Return the lines of the material below exactly, beginning with the line that has "繊細なプリーツを施したミディ" in it and finishing with the line that has "1階入り口付近にはミニノートPCとともに「BIC WiMAX SERVICE」を体験できるデモ機を設置" in it. Leave all pictures aside.

Start of Source material

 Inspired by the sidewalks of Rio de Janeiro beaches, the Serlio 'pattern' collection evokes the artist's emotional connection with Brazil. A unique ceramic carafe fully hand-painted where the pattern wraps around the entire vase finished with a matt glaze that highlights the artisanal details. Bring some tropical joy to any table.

End of Source material
Start of Source material

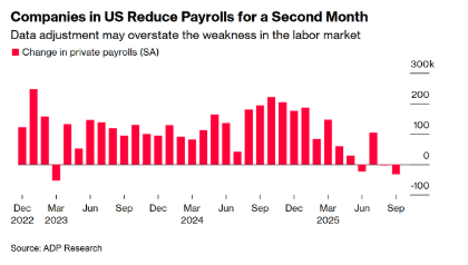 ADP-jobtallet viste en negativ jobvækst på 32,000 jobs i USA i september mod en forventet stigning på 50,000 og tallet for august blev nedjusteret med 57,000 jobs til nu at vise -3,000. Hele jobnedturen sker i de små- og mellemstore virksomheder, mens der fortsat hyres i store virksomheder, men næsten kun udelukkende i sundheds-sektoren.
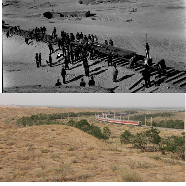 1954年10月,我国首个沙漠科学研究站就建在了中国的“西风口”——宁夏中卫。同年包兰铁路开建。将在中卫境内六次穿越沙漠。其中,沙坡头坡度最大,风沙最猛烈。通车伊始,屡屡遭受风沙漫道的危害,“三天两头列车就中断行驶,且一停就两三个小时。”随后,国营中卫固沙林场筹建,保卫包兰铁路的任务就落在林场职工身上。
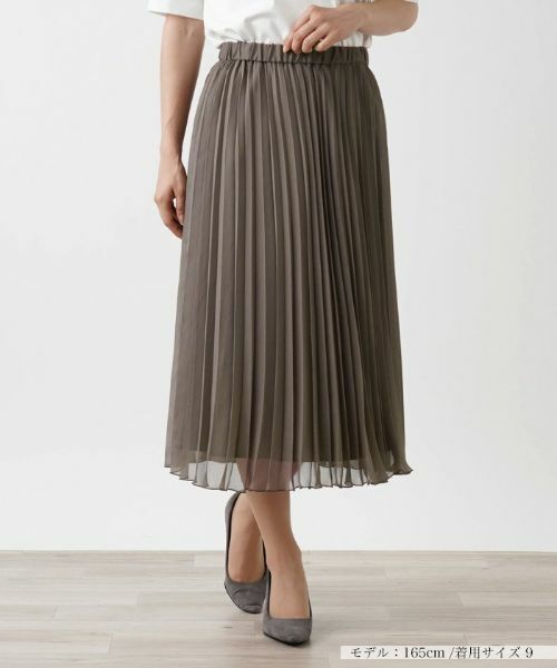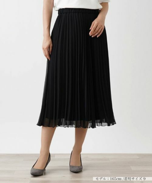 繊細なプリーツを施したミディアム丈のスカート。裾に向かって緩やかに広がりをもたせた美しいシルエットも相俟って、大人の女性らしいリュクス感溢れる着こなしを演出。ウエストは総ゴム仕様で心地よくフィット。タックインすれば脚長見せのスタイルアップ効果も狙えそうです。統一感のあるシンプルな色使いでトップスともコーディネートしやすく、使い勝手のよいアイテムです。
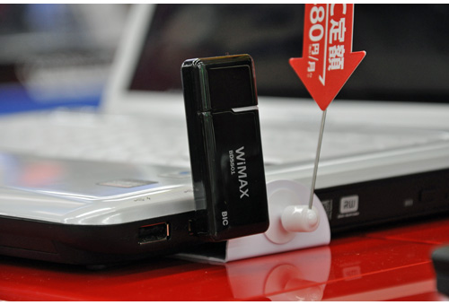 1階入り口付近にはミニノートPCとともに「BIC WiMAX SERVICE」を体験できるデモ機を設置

End of Source material

Response to this exercise:
 繊細なプリーツを施したミディアム丈のスカート。裾に向かって緩やかに広がりをもたせた美しいシルエットも相俟って、大人の女性らしいリュクス感溢れる着こなしを演出。ウエストは総ゴム仕様で心地よくフィット。タックインすれば脚長見せのスタイルアップ効果も狙えそうです。統一感のあるシンプルな色使いでトップスともコーディネートしやすく、使い勝手のよいアイテムです。
 1階入り口付近にはミニノートPCとともに「BIC WiMAX SERVICE」を体験できるデモ機を設置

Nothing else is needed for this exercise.